I have traumatic flashbacks for these folks* about the impressions they made with unfiltered comments:

The Accuser

  • Scenario: Full faculty meeting of large clinical department, last 5 minutes of announcements and next steps.
  • Context: Chair of search committee for new division chief announces they have narrowed field to the last individual who visited and invites comments. Glowing remarks ensue from senior faculty.
  • Gaffe: Junior faculty member interjects: “Did we know he was sued for harassment at [name of institution] and follow up on that?”

Super important if accurate but all wrong for timing, setting, and approach. Re-do: have a discreet side-bar with the search committee chair at close of meeting and note you are hesitant to interject yourself into a successful search but wanted to assure s/he, as committee chair, was aware of the prior settlement against the faculty member. If you can’t make the connection face-to-face, email the chair and ask for a quick phone call. Do not broadcast your concerns. Deliberation has likely occurred and the candidate may be your colleague soon. Don’t pollute the pond but do be sure not to withhold key information from leadership. Go cautiously because you may have blind spots in areas they can see clearly. Pick your communication channel and setting carefully.
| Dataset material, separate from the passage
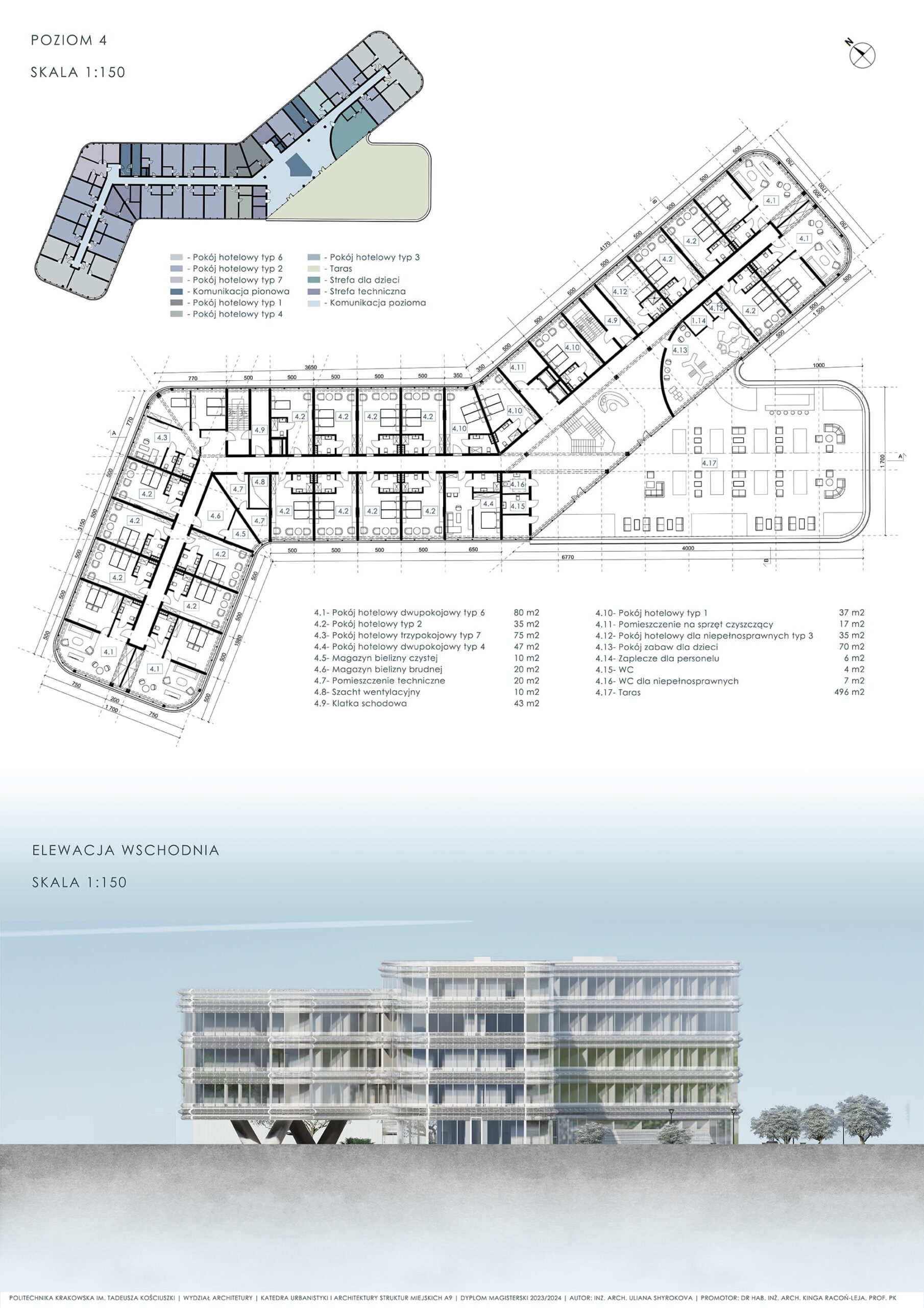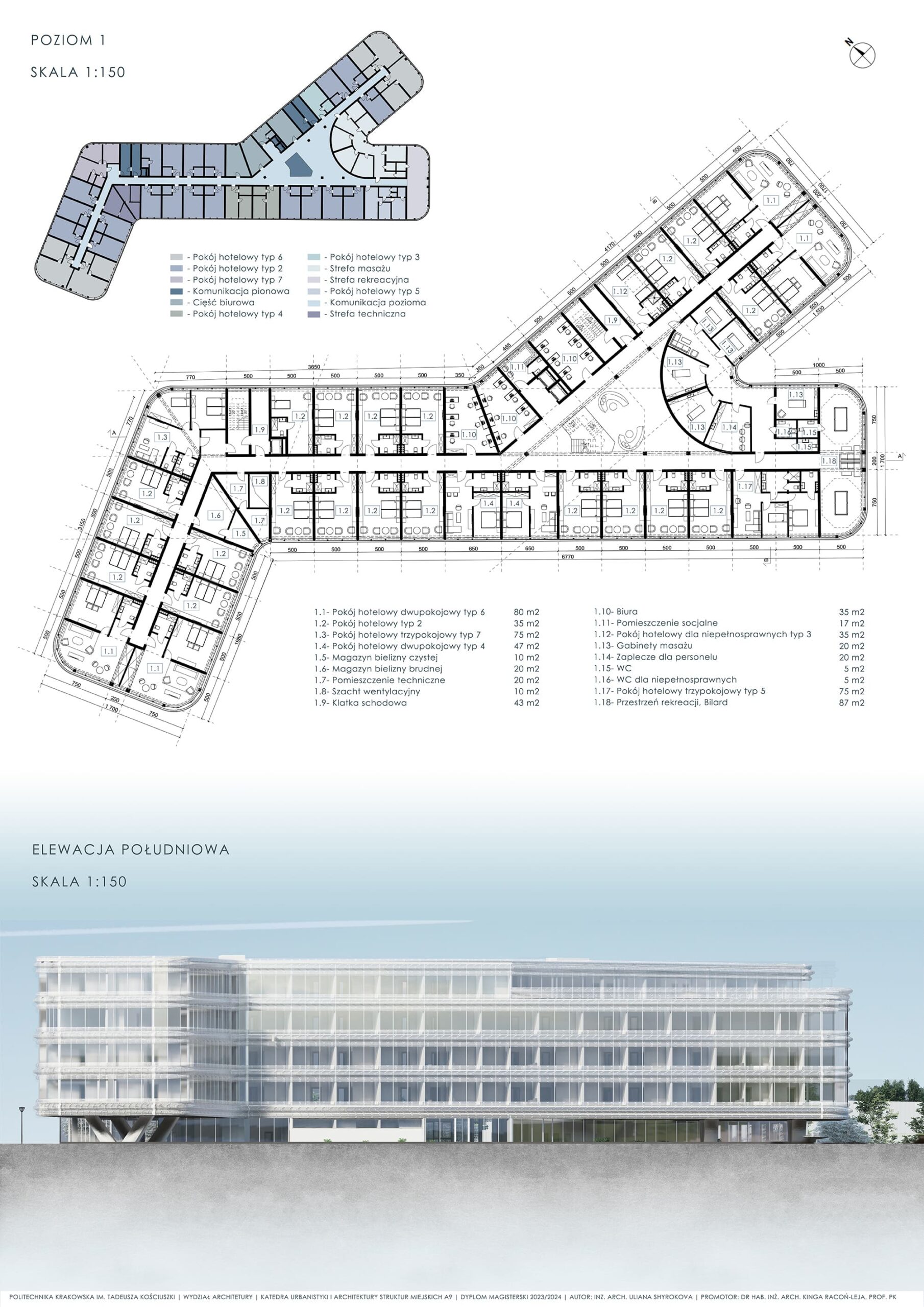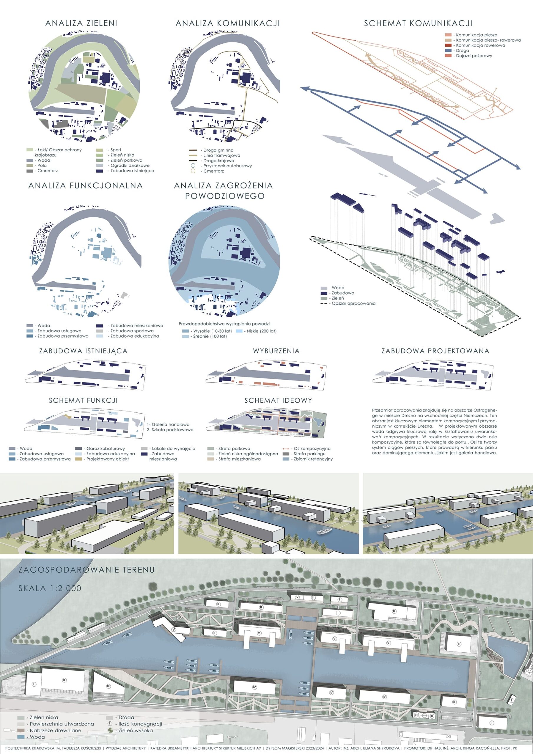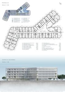 Przedmiotem projektu jest hotel w obszarze Ostragehehe. Koncepcja urbanistyczna objęła rozwiązanie portu przemysłowego i zakłada jego adaptację na atrakcyjną i funkcjonalną przestrzeń miejską. Głównym założeniem jest przeniesienie stref przemysłowych poza miasto oraz wprowadzenie nowych obszarów mieszkalnych i usługowych, aby przyciągnąć więcej osób do tego rejonu. Projekt przewiduje stworzenie zróżnicowanej przestrzeni z obszarami publicznymi, parkami oraz rozwiniętą infrastrukturą zieloną, która ma na celu retencje wody i poprawę lokalnego mikroklimatu. Koncepcja architektoniczna dotyczy budynku hotelowego i zakłada harmonijne połączenie nowoczesnej architektury z otaczającą przyrodą i wodą. Dzięki przeszklonym elewacjom hotel odbija powierzchnię wody, co tworzy wrażenie płynnego połączenia między ziemią a niebem. Przy projektowaniu budynku wykorzystano nowoczesne materiały, takie jak szkło, beton i stal, podkreślając jego trwałość i nowoczesny wygląd. W projekcie przewidziano różnorodne strefy użytkowe, w tym pokoje hotelowe, przestrzenie wspólne, strefę usługową oraz taras z zielenią na ostatnim piętrze. Hotel oferuje pokoje o różnych standardach i konfiguracjach.

The Repeater & Story Teller

  • Scenario: Research team discussion for brainstorming components of the next large grant.
  • Context: Weekly lab meeting with four faculty, two post docs, grad students, and staff – an even dozen. Ideas are hopping from all participants. Group has high energy with some solid and some ridiculously bad ideas on the whiteboard, laughter and chatter ensues. Faculty member has reputation for repeating what others have said.
  • Gaffe: Faculty member cuts in and diffuses the energy by repeating an idea already in play. Tells a story about a project with similar feel that was a flop. Invokes wisdom earned by experience and derails discussion.

Understand the flow of the discussion. Don’t block creative energy and regardless don’t get in the habit of repeating ideas with a minimal tweak to the initial idea. Endorse or add. Only repetition in meetings should be summary of “what we heard” and “next steps” by whomever is leading the meeting at the conclusion, and then only if needed.

The Unaware of Position in the World

  • Scenario: Committee meeting of center members to invite distinguished national guests for coming year’s seminar series. Committee is inclusive of all levels of faculty and trainees in the multi-disciplinary center.
  • Context: Selecting from large slate of speakers. Prioritizing speakers with broad appeal among the center membership and considering whether members have personal connections to potential guests to assist with inviting.
  • Gaffe: Individual under discussion co-investigator with a member of the committee. An instructor with faculty appointment underway opines: “I don’t see why we need to invite Jane Doe. Ovarian cancer is my area and I just gave a talk in our annual symposia that everyone was at.”

Ouch…jealous much? It’s a gift to have your unit be willing to bring in senior colleagues from your research area. Great discussion, new ideas and collaborations flow from these visits. Embrace with open arms. (NB:  as a general strategy it is always better to support choices you like than to shoot down others.)

Truth in humor: Work the W.A.I.T plan as illustrated and you can stay out of the dog house. Print this out, save it to your iPad, consult this process flow and you can be sure you are a welcome and effective participant in meetings. Be heard in the right ways at the right times.

 

 

 

*From the distant past with exact scenarios changed to protect the “talkers”.